We can fear the war and act for the climate: urgency is not a race, but a shared responsibility

There is something deeply human in fearing what explodes, what screams, what suddenly breaks down. It is instinctive.

The wars – especially those nuclear – They do this: they cancel, devastate, break the illusion of control. Perhaps this is why, today, the idea of ​​an atomic attack than that, now usual, of a summer without water, of a halved harvest, of a flood, where a neighborhood was a neighborhood, returns to us. Of an expanse of embers where it once breathed (and made us breathe) a forest.

Mark Lynasa scientific writer and popularizer involved in the fight against the climatic crisis for years, has recently declared that nuclear war today represents a greater threat than environmental collapse. He did it after three years of in -depth study, told in his latest book, and nobody can liquidate his thesis lightly. “There are no adaptation options for a nuclear war,” reports the Guardian. “Nuclear winter will practically kill the entire human population.”

It is difficult to disagree. And it is easy to let yourself be attempted by a risk ranking, as if you could really decide which catastrophe deserves more attention, more resources, more fear.

Yet this comparison between climatic crisis and nuclear threat risks becoming a dangerous game. Not because atomic war is not a real risk – it is – but because it takes energy from understanding what we are already living. Climate change is not a future hypothesis: it is chronicle, here and now. And every day more without action makes it a deeper, more irreversible, more unfair problem.

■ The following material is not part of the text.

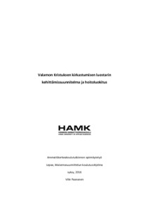Valamon luostarin puisto on ainutlaatuinen viherympäristö. Sillä on myös tärkeä rooli monille ihmisille hengellisenä ympäristönä. Hyvin hoidetut viheralueet korostavat tätä ulottuvuutta. Talkootyö taas on merkittävä osa koko Valamon yhteisöllistä elämää. The essential objective of this thesis was to improve the central green areas of Valamo monastery in order to make them more functional and practical and to create a classification for the maintenance for the whole area. Valamo is located in Heinävesi and it is the only male monastery in Finland. The monastery has a long history but in Heinävesi it has acted since 1940s. The basis of the economy of the monastery is tourism activities. The monastery park has mainly been taken care of by volunteer workers.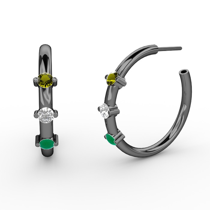 Kök zümrüt, pırlanta ve peridot 925 ayar siyah rodyum kaplama gümüş küpe (0.22 karat)

The climatic crisis does not have (or, better, not always) the roar of the sirens or the blinding glow of an incoming head. He often acts in silence. And precisely because it does not scream, it ends up being forgotten every time another emergency takes the center of the scene. But the two dangers are not excluded each other. Indeed, they feed. The growing scarcity of natural resources – water, food, habitable lands – is already an instability multiplier, an engine of regional conflicts, a pretext for new geopolitical tensions.

Europe and the fear of great collapse

In this context, the growing concerns of the Europeans should not be underestimated. A YouGov survey Last April shows that between 41% and 55% of the inhabitants of Western Europe consider the outbreak of a third world war in the next ten years. A feeling that is accompanied by distrust in defense systems, restlessness for relations with the United States and growing fear towards Russia, identified as the main threat.

But it’s not just a matter of missiles. What emerges is a crisis of trust in the future. In diplomacy, in institutions, in the very possibility of keeping peace, security and climatic justice together. In an era of automatic and arsenal weapons ready to launch, it is perhaps understandable that the echo of the atomic mushroom frightens more than the breath of the planet. But right here is the deception.

Stop worrying would be the real risk

It is not disaster theory: a restless Europe, an jammed diplomacy and a climate that continues to change under our eyes are the signs of a dangerous convergence. The real trap is not the comparison between threats, but the distraction. Think that we can face a risk at a time. That there is time for the climate after the war. That it is enough to turn off a fire to forget the drought.

The truth, unfortunately, is that neither of the two threats can be faced by itself. Nuclear security requires treaties, controls, patient diplomacy. The climatic crisis requires a structural, global, immediate change. Both require political responsibility, collective consciousness and courage. And if there is a lesson that we can draw from the renewed fear of the atomic apocalypse, it is this: the worst disasters are avoided only when refusing to consider them inevitable.

A future to save, in all its forms

The risk exists, but it is not yet fate. Weapons can be dismantled, reduced emissions, reconstructed cooperation. The treaties are not unnecessary paper, if someone decides to respect them. Speaking only about escalation generates resignation. Also telling the output routes, can generate action.